Technique really matters to the dedicated Washingtonians who work out with the November Project, a free run club and boot camp — when it comes to hugging, that is.
“Your hips have to be in,” instructs Janeen Porche, 37. “No church-lady hugs,” adds pal Traci Johnson, 46, demonstrating the off-limits style by sticking out her rear end and gently tapping Porche on the shoulders.
And don’t even think about extending an arm instead, explains the always-smiling Kyle White, 29: “We don’t believe in handshakes.”
What they do believe in is the grass-roots movement started in 2011 in Boston by Brogan Graham and Bojan Mandaric, two former Northeastern University rowers who made a pact to exercise together throughout the month of November (hence the name). When friends — and, eventually, strangers — began to join them as they ran the stairs of Harvard Stadium, they decided they didn’t just want to get stronger and faster. They had a new goal.

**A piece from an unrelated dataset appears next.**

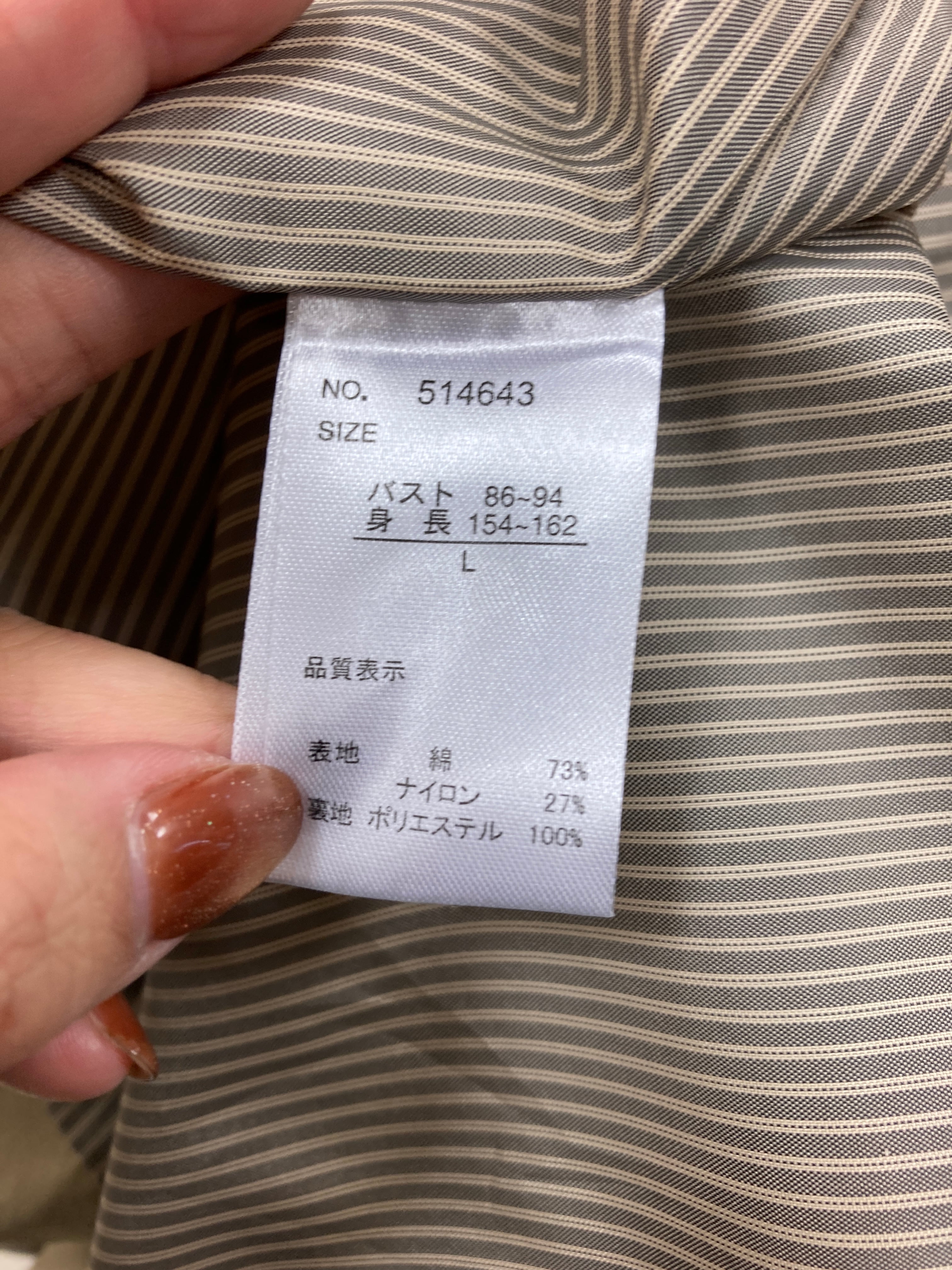 ベルト付き 裏地あり

“We want to change the way people see fitness,” Mandaric says.
They welcomed people of all athletic abilities to their workouts. All they demanded in return was that folks be ready to sweat and socialize. Within a few months, hundreds had taken them up on the offer, and interest bubbled up in exporting the program to other cities.

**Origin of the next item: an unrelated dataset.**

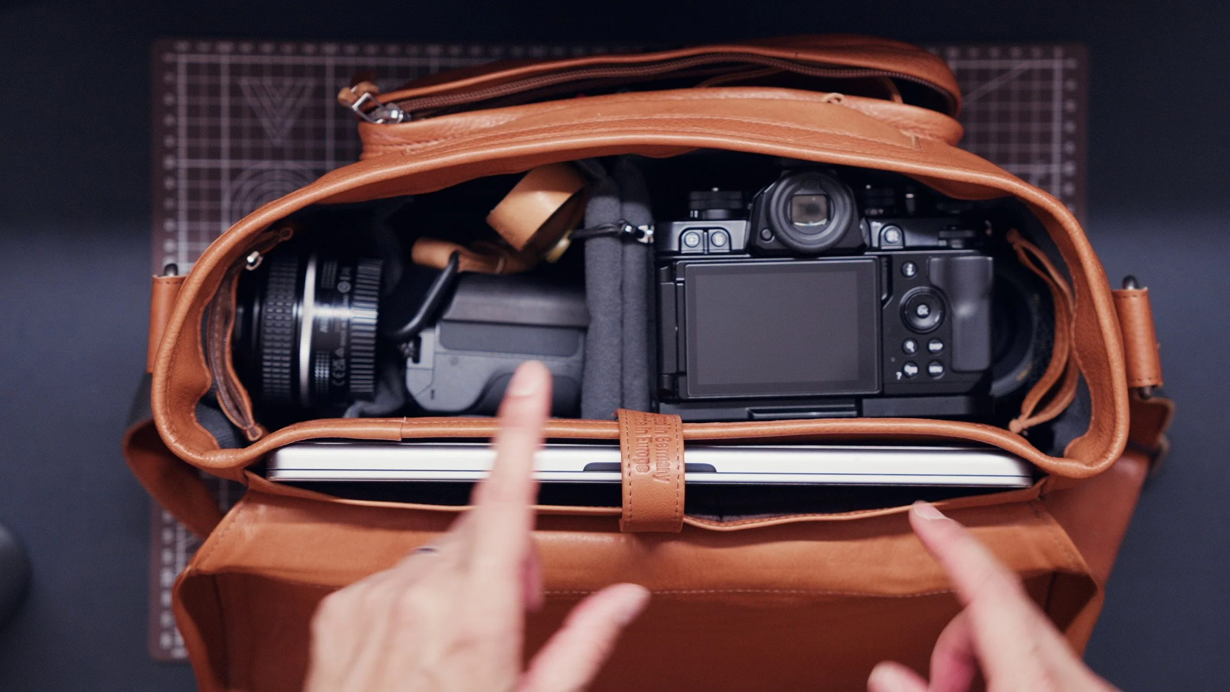 This bag's top flap isn't too thick, and the shoulder strap has a nylon backing. That’s how they made the weight manageable despite using full-grain leather. It fits everything I need for work in a very structured way including:

One of these offshoots — called “tribes,” in November Project parlance — launched in the District last year under the guidance of Danny Metcalf and Steve Christensen.
“It was clear this was something I would love. Nothing like it exists,” says Metcalf, a proud goofball and Ironman triathlete who’d heard about the November Project from friends. Christensen had just moved from Boston, where he’d trained with the founders, and recognized the potential for another “weird and positive” community.
Prospective leaders “pledge” to show their commitment before they’re allowed to use the November Project name. So the first D.C. gathering last September was just a handful of people running the stairs of the Lincoln Memorial at 6:30 a.m. on a Wednesday.
“There were four of us,” recalls Kathleen Hodge, Metcalf’s roommate and his business partner in a line of nutrition bars they produce at Union Kitchen. Over the next month, they went to bed every Tuesday night asking one another, “Think anybody will come tomorrow?”
Each week, more people did. The leaders experimented on them with various break-the-ice activities.
One of Metcalf’s greatest discoveries? “When I tell people to tickle under each other’s chins, they do it,” he says.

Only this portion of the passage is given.